Le coup d'oeil y est pittoresque. Une cinquantaine de voyageurs sont là pêle-mêle, avec leurs bagages étagés sur les marches d'un escalier en ruines. Ce sont les pensionnaires du lazaret de Santiago, où nous devons nous rendre tout à l'heure. Il y a des femmes, des enfants, des malades portés sur des chaises, deux Anglais (il y en a toujours), trois Allemands, beaucoup de Français et fort peu d'Espagnols. Ce n'est qu'à cinq heures et demie que le consul d'Espagne s'est montré, escorté de son chancelier.


Celui-ci, muni d'une liste, fait l'appel nominal. Je suis parmi les élus sous le nom de don Alberto Millaud. C'est flatteur. On a l'air de jouer un rôle dans le roman de Gil-Blas. Je me précipite dans l'embarcation la plus rapprochée. Elle ne tarde pas à se remplir. Le consul, grave et solennel, monte le dernier et, tout aussitôt, la grande bringue de barque, conduite par trois rameurs, remonte la Bidassoa dans la direction d'Irun.


fontarrabie avant
DEBARCADERE FONTARRABIE - HONDARRIBIA
PAYS BASQUE D'ANTAN

La Bidassoa est une jolie rivière, très historique, mais à peu près à sec. II faut décrire trente circuits autour des bancs de sable, dont elle est émaillée, pour arriver à Santiago. Nous passons devant le casino de Fontarabie où nous apercevons nos frères en lazaret, qui y sont depuis mardi dernier et attendent leur délivrance en se promenant sous les platanes. Jusqu'ici, tous les voyageurs se regardent avec défiance. Aura-t-on des chambres ? N'en aura-t-on pas ? Sera-t-on forcé à une promiscuité déplorable ou restera-t-on isolé ? Un grand silence règne dans la galère capitane. Nous traversons le pont international sur lequel passe le chemin de fer du Midi et qui nous a semblé d'une médiocre architecture. Nous entrons dans les eaux espagnoles. Sur la rive gauche de la Bidassoa, commencent à s'étager de cinquante en cinquante mètres des guérites peuplées de gendarmes espagnols, remarquables par leurs chapeaux d'arlequin et leur éternelle cigarette. A une centaine de mètres du pont, s'élève le bourg de Santiago, cinq ou six maisons dont une est le lazaret où nous allons descendre.




fontarrabie autrefois
DOUANIERS ET SERGENTS DE VILLE FONTARRABIE
PAYS BASQUE D'ANTAN


La barque aborde comme elle peut, le long d'un escarpement pierreux, humide et glissant. On se précipité vers le lazaret, où nous attendent le directeur, le docteur et les gens de service, assistés de deux soeurs de Saint-Vincent-de-Paul qui nous accueillent par le sourire le plus engageant. Pendant une bonne heure, c'est le chaos, le bruit, le désordre le plus complet. Chacun veut une chambre pour lui tout seul. Les escaliers retentissent de cris proférés dans toutes les langues. Les serviteurs du lazaret perdent la tête. On se bouscule aux portes. Finalement tout s'arrange. Chacun se case comme il peut et bientôt sera satisfait.

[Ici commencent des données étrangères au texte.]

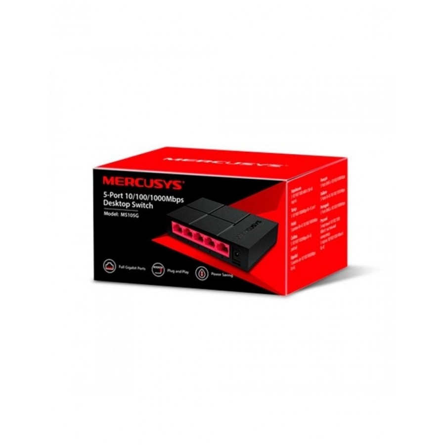 Switch de escritorio de 5 puertos 10/100 / 1,000 MbpsMS105G* Cinco puertos RJ45 de autonegociación de 10/100 / 1,000 Mbps con MDI / MDIX automático admitidos* Expansión de red fácilmente cableada* Diseño compacto para disposición flexible* Configuración plug and play, no requiere configuración* La tecnología Green Ethernet ahorra energía hasta en un 82%Expandir la red Ethernet con puertos GigabitAmplíe rápidamente su red cableada con cinco puertos Ethernet de 10/100/1000 Mbps, 10 veces más rápido que los puertos Ethernet normales de 10/100 Mbps. MS105G es flexible y totalmente compatible con televisores 4K Ultra HD, computadoras, impresoras, cámaras IP, consolas de juegos y más. Esto lo hace perfecto para usar en entornos domésticos, de oficinas pequeñas e incluso de dormitorios.Diseño fresco y ultra compactoUna construcción elegante y cuadrada con una combinación fresca de color rojo y negro brinda una apariencia y sensación de alta tecnología. Con el mismo tamaño que un teléfono inteligente, MS105G se encuentra en cualquier lugar de su hogar sin tomar demasiado.Conecta y reproduceOlvídate de la instalación complicada. Simplemente conecte el interruptor a su TV o computadora a través de un cable Ethernet para expandir inmediatamente su red cableada. Absolutamente ninguna configuración es necesaria.Desempeño confiableCon la tecnología Half-Full Duplex y MAC Address Learning, MS105G proporciona hasta 10 Gbps de ancho de banda de conmutación estable. Cada unidad se somete a pruebas exhaustivas antes del envío para garantizar que proporcionará conexiones confiables e ininterrumpidas durante los próximos años.Ahora tiene la opción de cambiar a verde cuando se actualiza a una red de gigabits! MS105G cuenta con las últimas tecnologías innovadoras de eficiencia energética para ampliar enormemente la capacidad de su red con mucha menos energía. Ajusta automáticamente el consumo de energía según el estado del enlace y la longitud del cable para limitar la huella de carbono de su red.

Le lazaret de Santiago, c'est la caserne des carabiniers de mer. Le réfectoire, c'est le corps de garde, les chambres de soldats ont été transformées en chambres d'hôtel : lits de fer, toilettes idem, pas de table, une chaise de paille, objets de propreté absolument élémentaires. Imaginez-vous une cellule de couvent, aux murs blanchis à la chaux et sans le moindre rideau aux fenêtres. Quand il fait du soleil, on est cuit littéralement.


fuenterrabia antes
CASINO FONTARRABIE - HONDARRIBIA
PAYS BASQUE D'ANTAN

La plupart de ces cellules ont deux et trois lits. On y parque les familles. Ma demeure spéciale n'a qu'un lit, mais elle a un mètre cinquante de large sur deux mètres de long. Quand je m'habille, je suis obligé d'ouvrir ma porte pour enfiler mon pantalon. Impossible d'obtenir sa malle. D'abord, elle n'entrerait pas, ensuite il faut la fumiger. Cette opération n'aura lieu que demain matin. Après quoi, on me laissera user de la médiocre valise que j'ai apportée.


Il est six heures et demie. En attendant le dîner, qui est forcément en retard, nous descendons au jardin. Il fait un temps splendide et l'horizon est magnifique.

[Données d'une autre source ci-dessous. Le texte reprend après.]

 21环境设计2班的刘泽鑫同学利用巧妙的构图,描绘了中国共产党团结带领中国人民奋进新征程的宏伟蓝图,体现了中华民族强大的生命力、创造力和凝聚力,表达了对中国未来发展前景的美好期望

Notre jardin a sept mètres de long sur quatre de profondeur. C'est maigre pour quarante habitants. Au nord, nous sommes bornés par la Bidassoa. Aux trois autres côtés, des palissades nous enferment, à hauteur d'appui. A quatre mètres, parallèlement, court une autre palissade destinée à empêcher les habitants d'Irun de communiquer avec nous. Entre les deux palissades, des gendarmes, doux et bienveillants, montent leur garde avec philosophie. Tout ce qui vient de la ville nous est remis par l'intermédiaire dudit gendarme, qui, malgré son jeune âge, mérite d'être appelé un vrai père.


IRUN ANTES
DOUANE IRUN
PAYS BASQUE D'ANTAN

Tout à l'heure, Gayarre, qui habite Irun, où demeure la famille de sa femme, est venu nous rendre une visite. Nous avons causé à quatre mètres de distance. Le gendarme s'amusait beaucoup."



A suivre...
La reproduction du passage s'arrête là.